C’est avec un peu de retard que nous vous proposons notre synthèse de l’édition 2026 de Laval Virtual. Il nous a fallu un peu plus de temps que d’habitude pour cerner les enseignements de cette édition avec l’aide de plusieurs exposants et visiteurs. Le marché de la XR semble cette année en pleine mutation, entre contraintes économiques fortes, concurrence de l’IA, discrétion des constructeurs et émergence d’un marché des lunettes que personne ne maîtrise. Comme l’an dernier, nous allons vous proposer dans la suite de cet article les tendances qui nous ont paru marquantes et nous y parlerons de quelques entreprises présentes. Pour avoir une vision plus complète du salon, vous trouverez une liste de liens à la fin du texte.
Pour commencer, nous vous proposons une discussion informelle avec Philippe Carrez (cofondateur – explorations360) et Karen Crevecoeur (CTO – Ary) sur leurs visions de Laval Virtual 2026.

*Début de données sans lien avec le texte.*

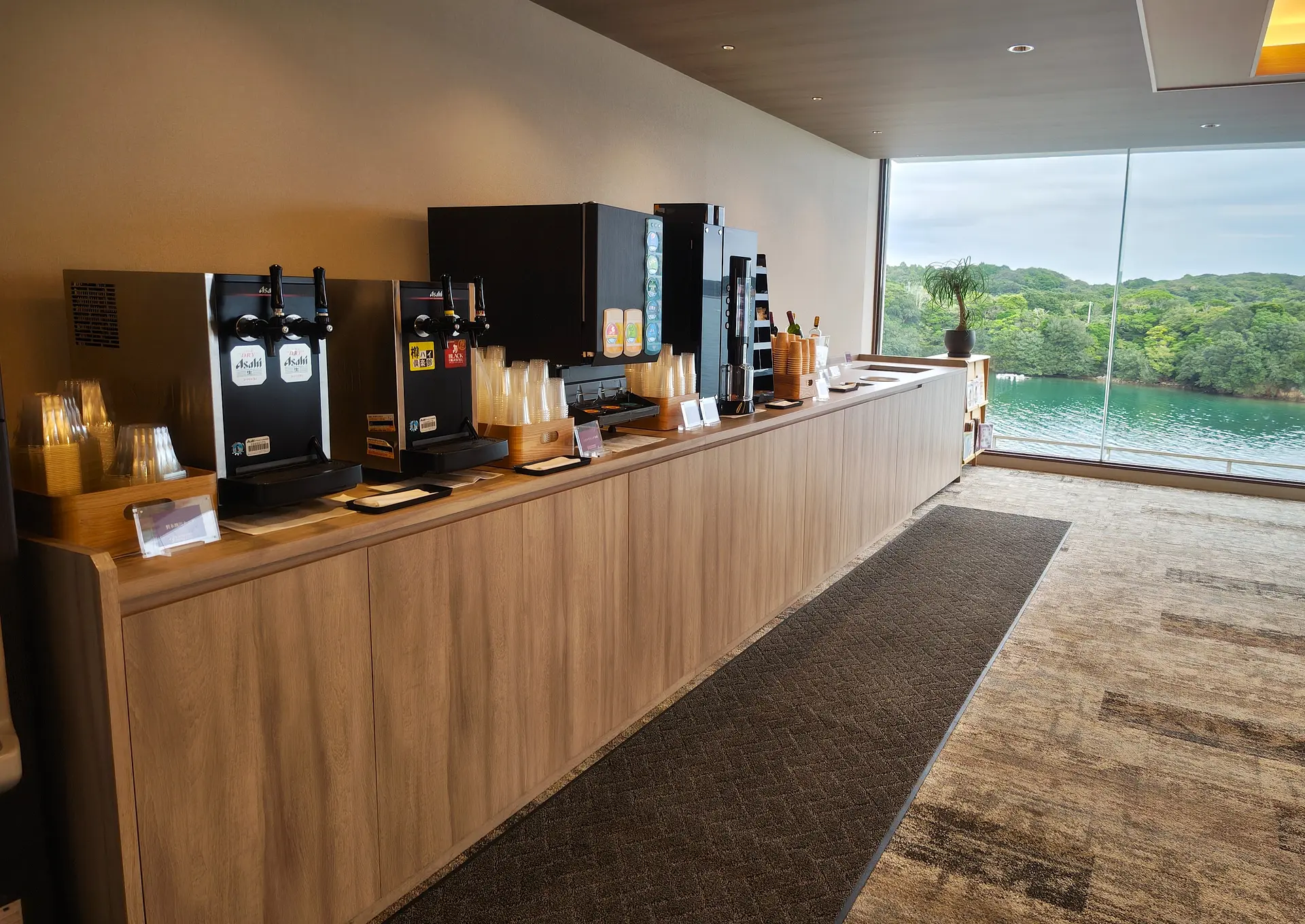「大江戸温泉物語Premium伊勢志摩」に到着して最初に目を奪われるのが、上質なプレミアムラウンジ。ソファやテーブルがゆったりと配置され、英虞湾の美しい景色を眺めながら、のんびりくつろげる空間になっています。 アルコールやソフトドリンク、アイスキャンディーなども無料で楽しめ、滞在中に何度でも利用することができます。

Un public plus mature et plus international
Le visitorat s’est légèrement contracté cette année de 10 à 15%, dans la moyenne donc des événements tech que nous avons couverts comme le CES. Ce public change aussi de nature d’après les exposants, il devient de plus en plus connaisseur des technologies et arrive avec des projets de plus en plus calibrés. Cette montée en compétences globale signifie que les discussions sur les stands ne portent plus sur les bases du fonctionnement d’un casque, mais s’orientent immédiatement vers des questions techniques pointues, des problématiques de déploiement ou des critères de viabilité opérationnelle. L’époque de la découverte émerveillée et du simple effet « wahou » semble révolue.
Il y a deux conséquences à cette transformation. La première est une exigence nouvelle sur la spécificité des expertises des entreprises de la XR. Sans critère de différenciation clair et affirmé, toutes les entreprises se ressemblent et aucune ne se démarque. La seconde est une crainte pour le renouvellement des utilisateurs. Sans « novice » qui vient prendre des idées d’utilisation pour un secteur qui n’est pas habitué à la XR, on risque de limiter l’expansion de la technologie dans ces domaines déjà bien occupés.

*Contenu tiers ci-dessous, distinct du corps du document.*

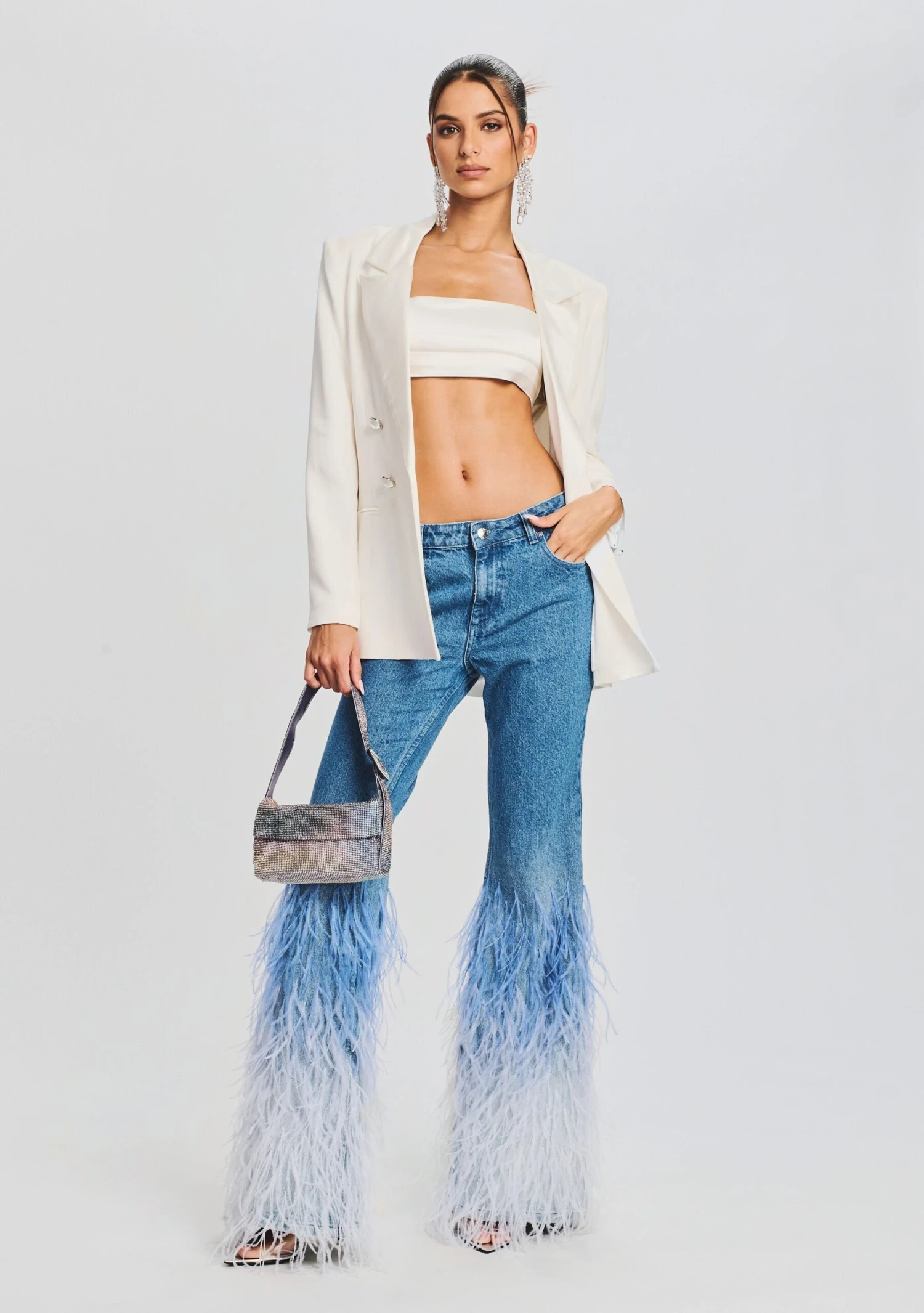 The Moore Feather Jean is a classic five-pocket flare jean with a fantastic feathered twist. Cascading down the leg are artfully layered ombre feathers. Wear them when you want to add a touch of drama to the everyday. Shown here in White/Ombre.

L’envergure internationale de l’événement s’est également confirmée, attirant des délégations étrangères qui permettent de confronter les approches françaises aux pratiques mondiales. Ce public, tout aussi mature que le public national, partage les mêmes préoccupations concernant la pérennité du matériel et la souveraineté des données, ce qui harmonise les discours des fournisseurs sur l’ensemble du salon.
Création 3D, IA et Gaussian splatting en pleine expansion
Le Gaussian Splatting, décliné en versions statiques (3DGS) et animées (4DGS), s’impose désormais comme une alternative de choix à la photogrammétrie traditionnelle en offrant un rendu bien plus fidèle des éléments complexes tels que les reflets, les transparences ou les détails fins comme les cheveux. Cette technologie a atteint une maturité assez remarquable, illustrée par la collaboration entre les sociétés Effigy et Gracia AI, qui parviennent à optimiser et compresser ces captures volumétriques pour les rendre fluides sur des casques autonomes.
Des applications concrètes de cette technologie se multiplient, notamment au CEA-List qui fusionne les données de Gaussian Splatting avec des modèles CAD pour créer des jumeaux numériques interactifs où l’on peut manipuler virtuellement des objets réels capturés. La startup preWatch exploite également cette technique pour proposer des plateformes de visualisation collaborative, permettant par exemple de simuler l’aménagement d’une concession automobile ou d’offrir une vue immersive précise depuis un siège de salle de spectacle.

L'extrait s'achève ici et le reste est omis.